--- Data extract ---

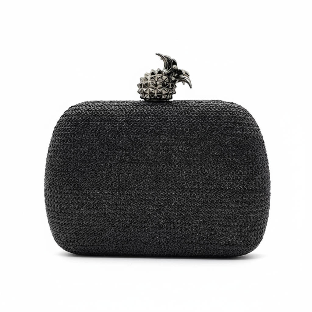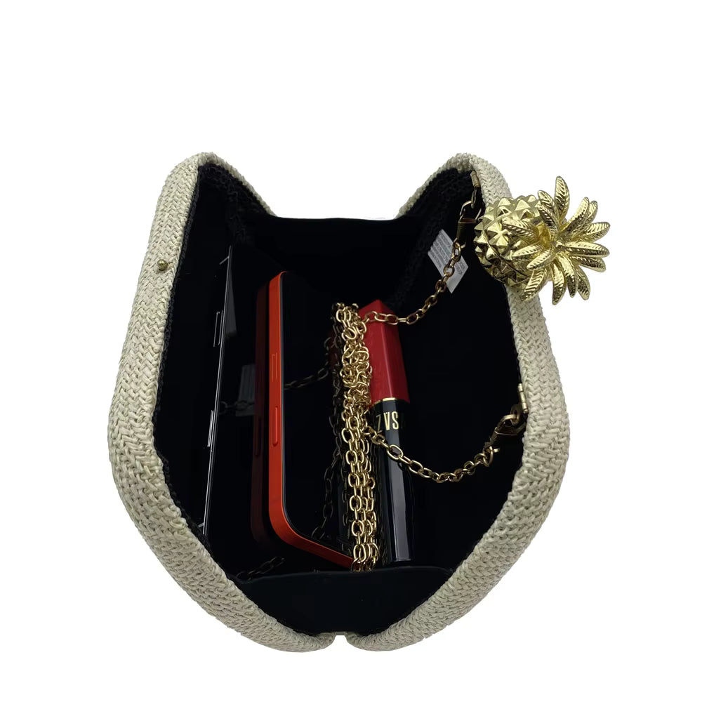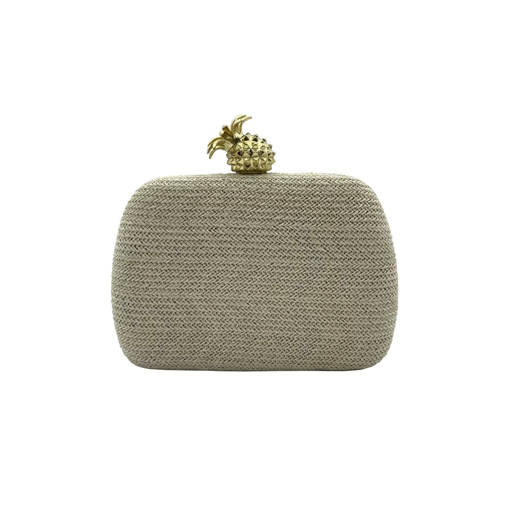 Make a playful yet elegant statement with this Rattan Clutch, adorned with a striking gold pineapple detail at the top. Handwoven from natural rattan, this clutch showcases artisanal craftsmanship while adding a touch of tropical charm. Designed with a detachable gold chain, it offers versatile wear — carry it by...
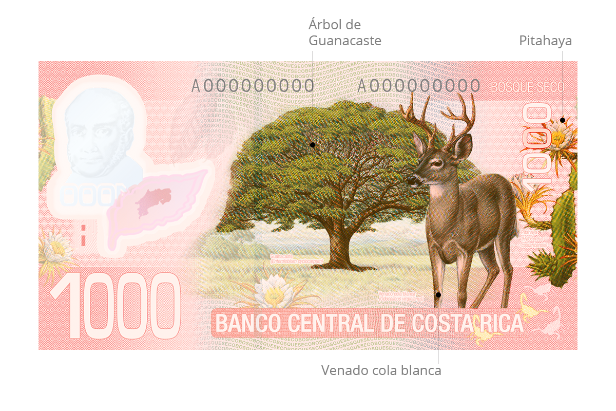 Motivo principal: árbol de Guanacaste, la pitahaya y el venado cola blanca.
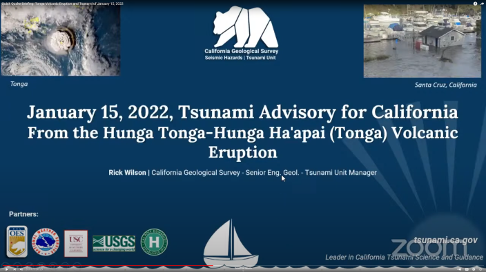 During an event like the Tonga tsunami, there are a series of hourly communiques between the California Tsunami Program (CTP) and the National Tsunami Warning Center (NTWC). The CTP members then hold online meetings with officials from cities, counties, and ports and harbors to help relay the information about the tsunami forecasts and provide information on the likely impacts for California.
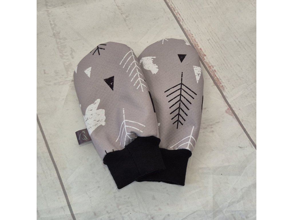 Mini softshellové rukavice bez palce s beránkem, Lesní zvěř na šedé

---

> Required action
Once more, please print all the lines above exactly, without their pictures.

> Response
 Make a playful yet elegant statement with this Rattan Clutch, adorned with a striking gold pineapple detail at the top. Handwoven from natural rattan, this clutch showcases artisanal craftsmanship while adding a touch of tropical charm. Designed with a detachable gold chain, it offers versatile wear — carry it by...
 Motivo principal: árbol de Guanacaste, la pitahaya y el venado cola blanca.
 During an event like the Tonga tsunami, there are a series of hourly communiques between the California Tsunami Program (CTP) and the National Tsunami Warning Center (NTWC). The CTP members then hold online meetings with officials from cities, counties, and ports and harbors to help relay the information about the tsunami forecasts and provide information on the likely impacts for California.
 Mini softshellové rukavice bez palce s beránkem, Lesní zvěř na šedé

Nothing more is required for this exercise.